Metadata-Version: 1.1
Name: bllipparser
Version: 2014.08.29b
Summary: Python bindings for the BLLIP natural language parser
Home-page: http://github.com/BLLIP/bllip-parser
Author: David McClosky
Author-email: notsoweird+pybllipparser@gmail.com
License: Apache 2.0
Description: .. image:: https://travis-ci.org/BLLIP/bllip-parser.png?branch=master
           :target: https://travis-ci.org/BLLIP/bllip-parser
        
        The BLLIP parser (also known as the Charniak-Johnson parser or
        Brown Reranking Parser) is described in the paper `Charniak
        and Johnson (Association of Computational Linguistics, 2005)
        <http://aclweb.org/anthology/P/P05/P05-1022.pdf>`_.  This package
        provides the BLLIP parser runtime along with a Python interface. Note
        that it does not come with any parsing models but includes a model
        downloader.  The primary maintenance for the parser takes place at
        `GitHub <http://github.com/BLLIP/bllip-parser>`_.
        
        We request acknowledgement in any publications that make use of this
        software and any code derived from this software. Please report the
        release date of the software that you are using, as this will enable
        others to compare their results to yours.
        
        References:
        
        * Eugene Charniak and Mark Johnson. "Coarse-to-fine n-best parsing and
          MaxEnt discriminative reranking." Proceedings of the 43rd Annual Meeting
          on Association for Computational Linguistics. Association for
          Computational Linguistics, 2005.

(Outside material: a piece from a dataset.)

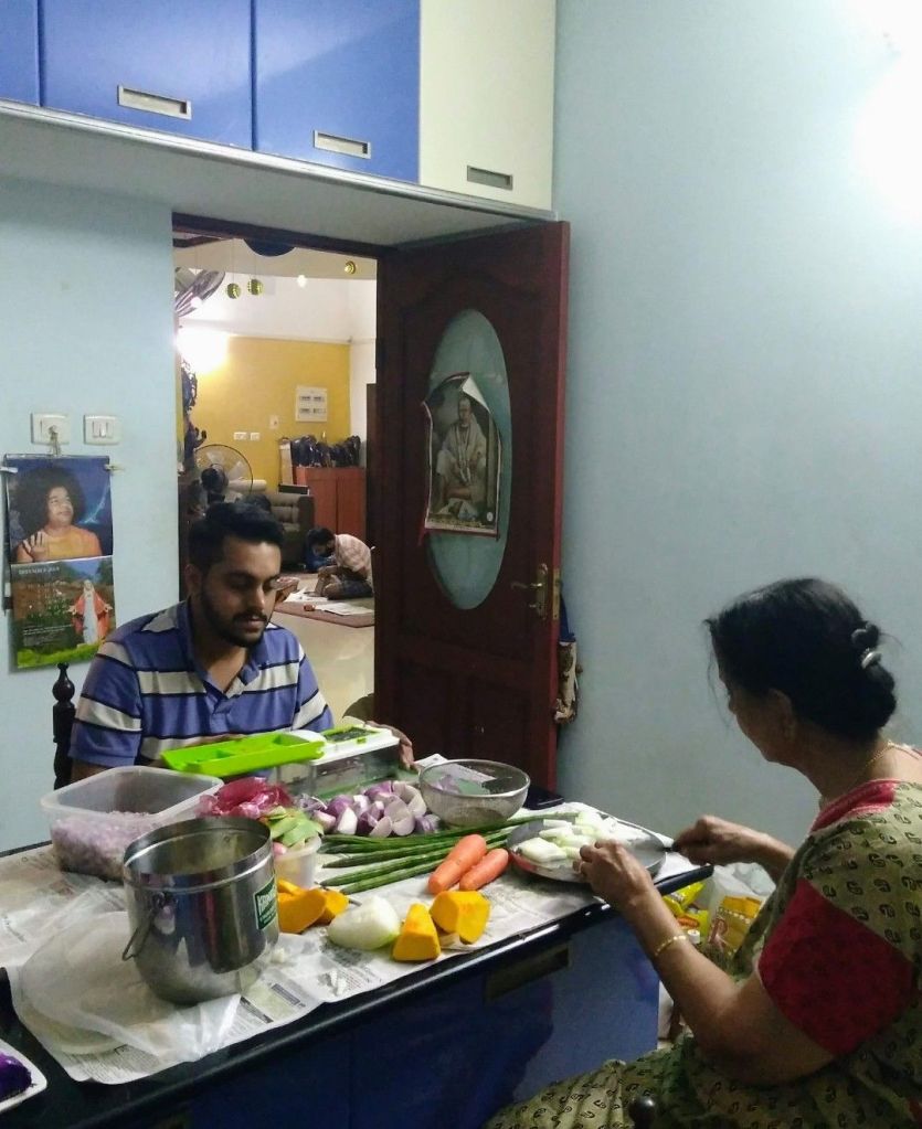 Sai centre where food is a large quantity for distribution among the needs.Orphanages Sai centre with my husband My daughter SindhujaMy son Sidharth and my grandson Rudradev My Amma with my son

          http://aclweb.org/anthology/P/P05/P05-1022.pdf
        
        * Eugene Charniak. "A maximum-entropy-inspired parser." Proceedings of
          the 1st North American chapter of the Association for Computational
          Linguistics conference. Association for Computational Linguistics, 2000.
          http://aclweb.org/anthology/A/A00/A00-2018.pdf
        
        Fetching parsing models
        -----------------------
        
        Before you can parse, you'll need some parsing models.  ``ModelFetcher``
        will help you download and install parsing models.  It can be invoked
        from the command line. For example, this will download and install the
        standard WSJ model::
        
            shell% python -mbllipparser.ModelFetcher -i WSJ
        
        Run ``python -mbllipparser.ModelFetcher`` with no arguments for a full
        listing of options and available parsing models. It can also be invoked
        as a Python library::
        
            >>> from bllipparser.ModelFetcher import download_and_install_model
            >>> download_and_install_model('WSJ', '/tmp/models')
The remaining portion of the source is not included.